TASK TO CARRY OUT ->
Search the records for the line with "内向きに伸びている枝や細い枝". Output that line and each line after it, exactly, and stop at the end; omit pictures.

SUPPLIED RECORDS ->
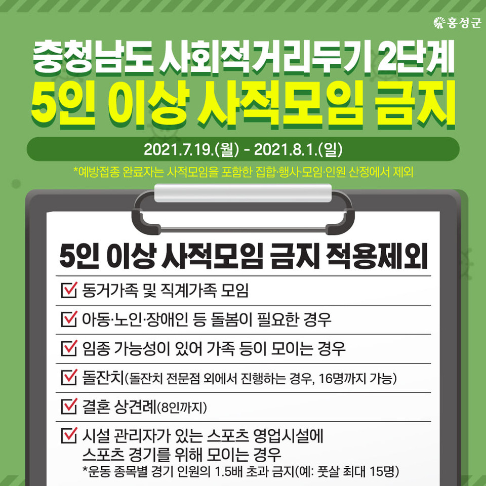 충청남도 사회적 거리두기 2단계 5인 이상 사적모임 금지
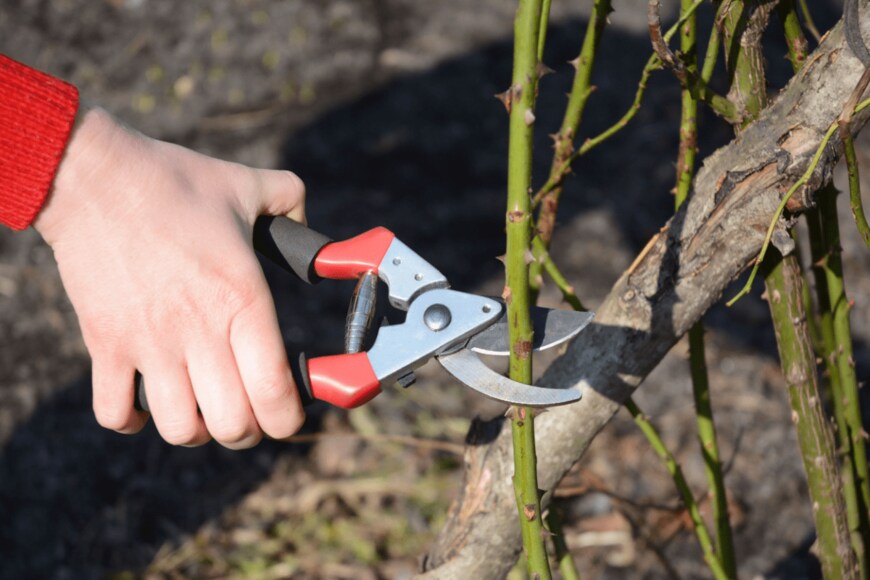 内向きに伸びている枝や細い枝、枯れて茶色くなった枝も切り落としておきましょう。冬にしっかり剪定することで株の勢いや花付きが大きく左右されます。
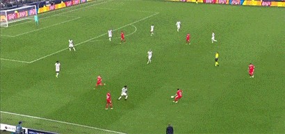 后者利索地连停球带转身,抬头稍作观察,送出一脚精准的斜长传,找到左路无人盯防的迪马利亚。
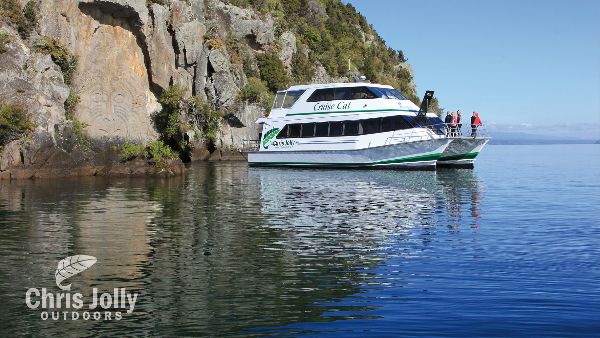 CHRIS JOLLY: Sit back and enjoy a Chris Jolly Outdoor Private Charter taking in spectacular views of Lake Taupo and the majestic mountains of the Tongariro National Park + cruise to the famous rock carvings.
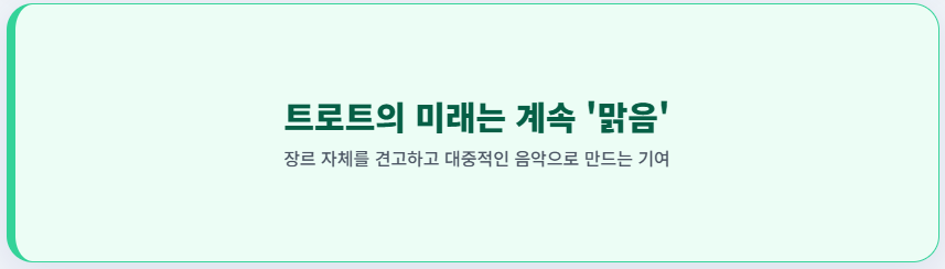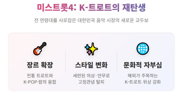 - 장르의 확장: 전통 트로트와 K-POP, 팝 등 다양한 장르의 융합 시도.
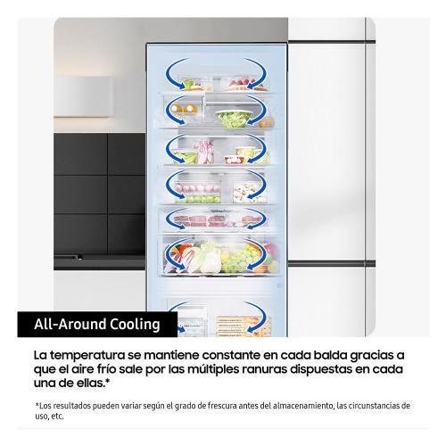 No pierdas el tiempo y energía descongelando. La tecnología No Frost optimiza la circulación del aire para mantener una temperatura constante, evitando la acumulación de escarcha. También enfría mucho más rápido, optimizando el trabajo del sistema de refrigeración y aumentando su durabilidad.

TASK RESPONSE ->
 内向きに伸びている枝や細い枝、枯れて茶色くなった枝も切り落としておきましょう。冬にしっかり剪定することで株の勢いや花付きが大きく左右されます。
 后者利索地连停球带转身,抬头稍作观察,送出一脚精准的斜长传,找到左路无人盯防的迪马利亚。
 CHRIS JOLLY: Sit back and enjoy a Chris Jolly Outdoor Private Charter taking in spectacular views of Lake Taupo and the majestic mountains of the Tongariro National Park + cruise to the famous rock carvings.
 - 장르의 확장: 전통 트로트와 K-POP, 팝 등 다양한 장르의 융합 시도.
 No pierdas el tiempo y energía descongelando. La tecnología No Frost optimiza la circulación del aire para mantener una temperatura constante, evitando la acumulación de escarcha. También enfría mucho más rápido, optimizando el trabajo del sistema de refrigeración y aumentando su durabilidad.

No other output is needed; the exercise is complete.